Hard money loan rates can range from 7.5% to 15% with three- to 36-month terms. Points to close on hard money loans typically fall between 2% and 10% of the loan amount. Pricing is primarily based on risk, equity, and borrower experience (if a fix-and-flip). Unlike conventional underwriting, hard money lenders develop their own guidelines.
LendingHome offers hard money loans up to 90% loan-to-value (LTV) and 75% after renovation value (ARV). Interest rates start as low as 7.5%. You can apply online, find out your rate in minutes, and be funded for up to $1 million in as little as 15 days.
Hard Money Lending Rates January 2019
|Maximum Loan Amount|
25% + of ARV
|Time to Funding|
Updated January 2019
Hard money loan rates don’t follow the same pricing as conforming or government-backed loans. This is because rates are set by private lenders based on their appetite for a specific sector and risk. The most important pricing criteria is often based on the project value and the borrower’s experience if a fix-and-flip.
Hard Money Loan Minimum Qualifications
Hard money lender underwriting is more flexible than conforming lenders in terms of borrower’s qualifications. They focus primarily on the property and the potential upside of the deal. They are investing in your project. If you are borrowing for a fix-and-flip, lenders want to see previous real estate experience or contractor bids and good equity.
In addition, borrower qualifications for hard money loans include:
- FICO score of 550+ (check yours free here)
- Detailed list of prior real estate experience
- Two to three months of bank statements
- Purchase contract
- Contractor bids to verify renovation cost if a fix-and-flip
Borrowers with extensive real estate experience and who have proof of completed fix-and-flips should expect to receive a lower rate than a new investor without a track record of successful flips. This is because the lender considers the new investors riskier than experienced investors, and passes this risk on with a slightly higher rate.
How to Apply for a Hard Money Loan
Online hard money lenders generally offer a standardized application process. Most lenders offer a short pre-qualification quiz online, followed by a formal online application or a phone call to discuss the transaction. Be prepared to upload your documents on the site as well. The application is a streamlined process for the experienced borrower.
Two steps to applying for a hard money loan:
- Complete online application: Quick online process to tell the lender about you and your project.
- Provide documentation: Formal underwriting to review the borrower’s documents and determine the hard money loan rates, terms, and loan cost.
Hard money loans are designed to close quickly, within 10 to 15 days. The borrower and lender work together to submit and review documents, as well as to order an appraisal on a tight timeline.
Hard money lenders require the following documents:
- Hard Money Loan Application: Application fee of a few hundred dollars may apply
- Credit Score: 550+ (check yours for free here)
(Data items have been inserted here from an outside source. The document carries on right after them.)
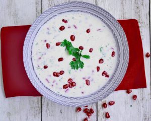 डेढ़ कप ठंडी दही, तीन चौथाई चम्मच अनार के दाने, आधा चम्मच भुने जीरे का पाउडर, एक चौथाई चम्मच काली मिर्च पाउडर, चुटकी भर लाल मिर्च पाउडर, एक चौथाई चम्मच चाट मसाला, चुटकी भर काला या सेंधा नमक, हरी धनिया या पुदीने की पत्ती बारीक कटी हुई.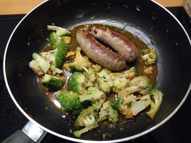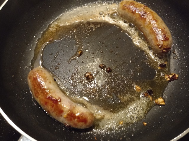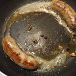 5. Voeg de boter toe en bak nog een paar minuten. Haal de worstjes uit de pan en bewaar onder aluminiumfolie.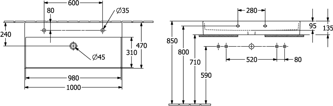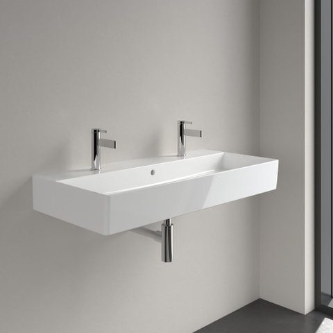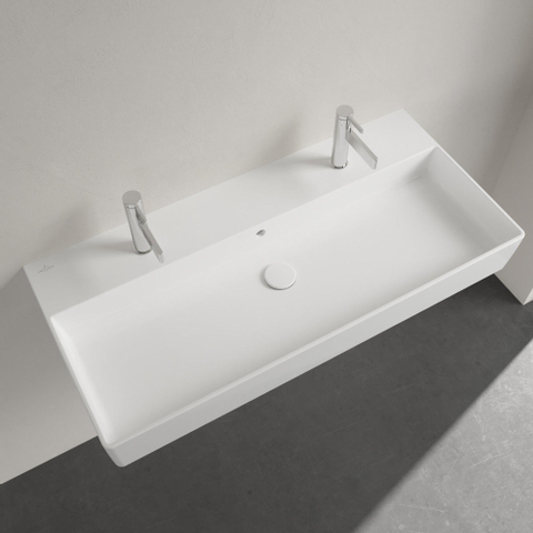 Villeroy & Boch Memento 2.0 wastafel onderzijde geslepen 100x47cm met overloop 2 kraangaten ceramic+ wit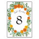 Orange Roses Wedding Floral Modern Table Number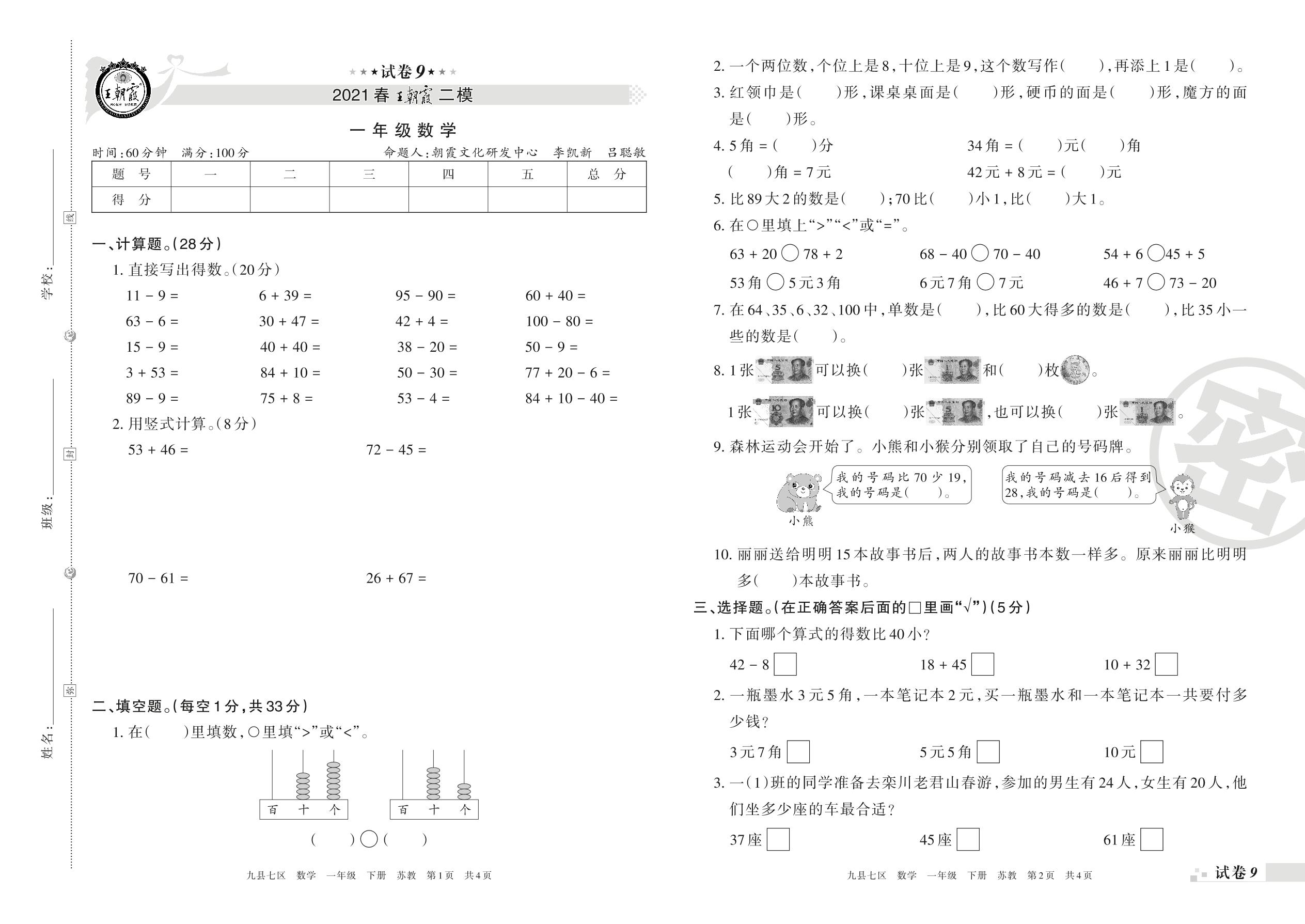 王朝霞期末模拟卷一年级下册数学(苏教版)_R210802205653【9】

- Bank Statements: Two to three months’ of personal bank statements
- List of Past Projects: Documentation of prior real estate experience
- Purchase Contract: Signed contract, including purchase price and property address
- Contractor Bids: Required for inexperienced investors
- Scope of Rehab Work: Required for all investors who plan on rehabbing a property
For information on where to find hard money loans and how to apply, be sure to check out our ultimate guide to Hard Money Loans.
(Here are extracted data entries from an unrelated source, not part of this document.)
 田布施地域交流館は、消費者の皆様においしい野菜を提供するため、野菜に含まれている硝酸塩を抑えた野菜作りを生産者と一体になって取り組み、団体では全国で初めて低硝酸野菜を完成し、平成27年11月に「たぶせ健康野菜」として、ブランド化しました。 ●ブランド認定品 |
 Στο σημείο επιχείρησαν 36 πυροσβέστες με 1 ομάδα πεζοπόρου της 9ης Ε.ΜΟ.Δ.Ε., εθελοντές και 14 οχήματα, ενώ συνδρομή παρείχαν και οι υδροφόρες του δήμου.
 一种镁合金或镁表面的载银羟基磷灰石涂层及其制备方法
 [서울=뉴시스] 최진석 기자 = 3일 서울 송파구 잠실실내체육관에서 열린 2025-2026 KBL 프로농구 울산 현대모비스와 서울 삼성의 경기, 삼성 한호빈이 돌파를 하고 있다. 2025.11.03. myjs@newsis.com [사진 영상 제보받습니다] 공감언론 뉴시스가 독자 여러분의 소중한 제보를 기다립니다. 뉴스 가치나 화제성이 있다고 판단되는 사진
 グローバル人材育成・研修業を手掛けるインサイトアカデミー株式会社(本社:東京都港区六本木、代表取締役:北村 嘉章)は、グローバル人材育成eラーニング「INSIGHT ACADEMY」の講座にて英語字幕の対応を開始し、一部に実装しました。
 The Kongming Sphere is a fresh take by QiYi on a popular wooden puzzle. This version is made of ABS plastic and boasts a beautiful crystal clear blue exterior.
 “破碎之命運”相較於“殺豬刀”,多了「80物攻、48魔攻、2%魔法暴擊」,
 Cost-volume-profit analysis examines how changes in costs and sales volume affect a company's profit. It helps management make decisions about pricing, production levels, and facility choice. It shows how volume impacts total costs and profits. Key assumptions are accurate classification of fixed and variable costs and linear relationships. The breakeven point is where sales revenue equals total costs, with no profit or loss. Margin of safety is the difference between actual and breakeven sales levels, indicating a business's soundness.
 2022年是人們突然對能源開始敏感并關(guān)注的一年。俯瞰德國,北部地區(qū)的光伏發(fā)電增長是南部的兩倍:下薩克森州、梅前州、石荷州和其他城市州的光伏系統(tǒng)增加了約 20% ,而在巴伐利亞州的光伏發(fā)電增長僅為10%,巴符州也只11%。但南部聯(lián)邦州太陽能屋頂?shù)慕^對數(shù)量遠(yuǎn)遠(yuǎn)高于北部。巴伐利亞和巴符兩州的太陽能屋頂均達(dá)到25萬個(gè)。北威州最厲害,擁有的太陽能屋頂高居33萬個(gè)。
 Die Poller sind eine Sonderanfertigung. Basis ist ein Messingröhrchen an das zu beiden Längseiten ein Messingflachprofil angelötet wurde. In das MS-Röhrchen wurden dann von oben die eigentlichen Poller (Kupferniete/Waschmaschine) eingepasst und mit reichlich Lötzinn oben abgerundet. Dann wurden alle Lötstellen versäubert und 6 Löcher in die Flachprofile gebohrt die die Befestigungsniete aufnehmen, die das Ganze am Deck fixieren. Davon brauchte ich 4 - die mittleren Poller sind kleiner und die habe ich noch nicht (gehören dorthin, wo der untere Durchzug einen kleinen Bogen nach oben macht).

How Hard Money Loan Rates Work
Hard money lending rates, also known as private money loan rates, are set by each private lender. These rates are not set by the prime rate or government-backed loan programs. They are influenced by the equity in a property or project, the perceived risk of the project, and the investor’s appetite for that particular project.
Underwriting flexibility gives the lender freedom to set rates based on risk and fund loans that normally wouldn’t get funding. The higher the risk (high LTV, property condition, and borrower experience), the higher the price. In addition, because hard money lenders primarily lend to investors only, they are not regulated like conventional loans.
Hard Money Maximum Loan Amounts
Hard money lenders each have their own minimums and maximums for loan amounts, which are based on the lender and the particular project needs, including the property type and loan term. Most start at $50,000 and go up to $5 million.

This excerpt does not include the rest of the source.